Anthony Dean Griffey
Photo: Ken Howard/Met Opera 2008 |
Monday saw the final performance of the Metropolitan Opera’s new production of Britten’s
Peter Grimes, which I caught with some trepidation. I usually don’t like seeing the last performance of an opera for many reasons, one being that by this time I’ve read everything everyone else has written and it unfairly raises or lowers my expectations. In this case, I had heard a lot of negative things, particularly about John Doyle’s staging, so I guess it’s no surprise that I actually really enjoyed the whole thing. Yes the two-dimensional set with its giant wall and the total lack of color doesn’t leave one with much to look at. Doyle seems to miss some of the biggest opportunities in Britten's score to wow the audience with stage craft. But there is some motion throughout and it does create the intended sense of claustrophobia on a stage that is known for anything but that.

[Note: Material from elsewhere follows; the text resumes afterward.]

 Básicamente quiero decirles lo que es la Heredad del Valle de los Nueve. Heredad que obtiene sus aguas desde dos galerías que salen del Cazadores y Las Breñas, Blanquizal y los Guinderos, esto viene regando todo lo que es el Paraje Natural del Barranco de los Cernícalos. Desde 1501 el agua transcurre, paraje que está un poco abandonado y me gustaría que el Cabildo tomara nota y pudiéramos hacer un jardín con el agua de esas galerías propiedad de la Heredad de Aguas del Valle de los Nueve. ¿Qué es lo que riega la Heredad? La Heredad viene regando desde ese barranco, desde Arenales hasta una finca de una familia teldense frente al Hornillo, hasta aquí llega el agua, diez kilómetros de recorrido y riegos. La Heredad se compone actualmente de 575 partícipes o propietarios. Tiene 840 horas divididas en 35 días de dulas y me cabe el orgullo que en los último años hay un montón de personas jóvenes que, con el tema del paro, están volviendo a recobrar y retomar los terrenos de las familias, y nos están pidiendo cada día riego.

It seems to me that
Peter Grimes suffers from the same problem as
Fidelio - how do you make an inherently dreary setting interesting to look at for several hours in the course of listening to a masterpiece?

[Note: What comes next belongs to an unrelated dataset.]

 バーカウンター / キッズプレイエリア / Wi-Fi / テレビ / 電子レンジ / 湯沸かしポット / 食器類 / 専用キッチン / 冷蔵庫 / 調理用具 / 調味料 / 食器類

But let’s be clear, even if this were the concert performance it more or less turns out to be, musically it is a masterful one. Runnicles and the orchestra were fantastic and this was nothing short of a dream cast. The real star in any Britten opera, though, is the chorus and I can’t think of enough positive things to say about them here. Anthony Dean Griffey manages creepy where you least expect it which is pretty magnificent given his dough-boy looks. Plus, there isn’t a rotten apple in the entire supporting cast. Felicity Palmer seems to be making a specialty of the “old bitty” roles these days and she is wonderful. Anthony Michaels-Moore and Patricia Racette are superior as Peter’s only friends, and don’t get me started on how much I love Jill Grove who sinks her teeth into Auntie’s rather small part with total zeal. And not only are these great vocal performances, the acting is superb. Everyone is totally believable throughout, and the entire evening was blissfully free of the stock silent-film gestures that pollute most of what comes across opera stages these days.

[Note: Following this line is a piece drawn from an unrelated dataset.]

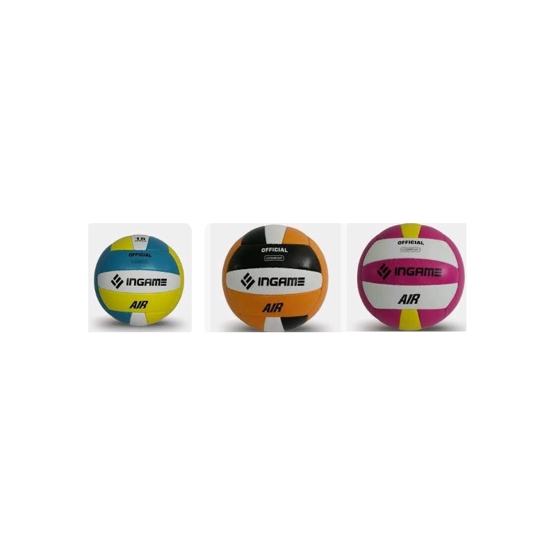 Волейбольный мяч Ingame AIR - любительский волейбольный мяч в ярких расцветках. Рекомендуется для тренировок любительских команд. Поверхность мячей выполнена из мягкой синтетической кожи (поливинилхлорид) смягчает контакт с мячем. Мячи состоят из 18-ти панелей и оснащены бутиловой камерой. Тип соединения панелей - ручная сшивка. Вес мяча 260 -280г. Рекомендуемое давление 0,29-0,32 бар. Производство Пакистан

But perhaps even more inspiring to me were the events around me in the audience. The extremely elderly couple next to me in the 6th row center failed to return from the first intermission after their just completed power naps to be replaced by a very young woman from the standing room who had picked up their tickets for the rest of the show. She was clearly new to the opera experience and commented on how strange it was to hear an opera sung in English, this being the first time she had done so. She was excited to see we were seated immediately next to John Lithgow, although she didn’t know who Stephen Sondheim, seated in front of us, was. In any event, she was completely thrilled by the whole thing making me envious of that time when everything in opera first seemed big and exciting and new. Apparently even
Peter Grimes can inspire that feeling in people with this kind of production. Maybe it’s not all about dreamy romantic period costumes to be “transported” after all.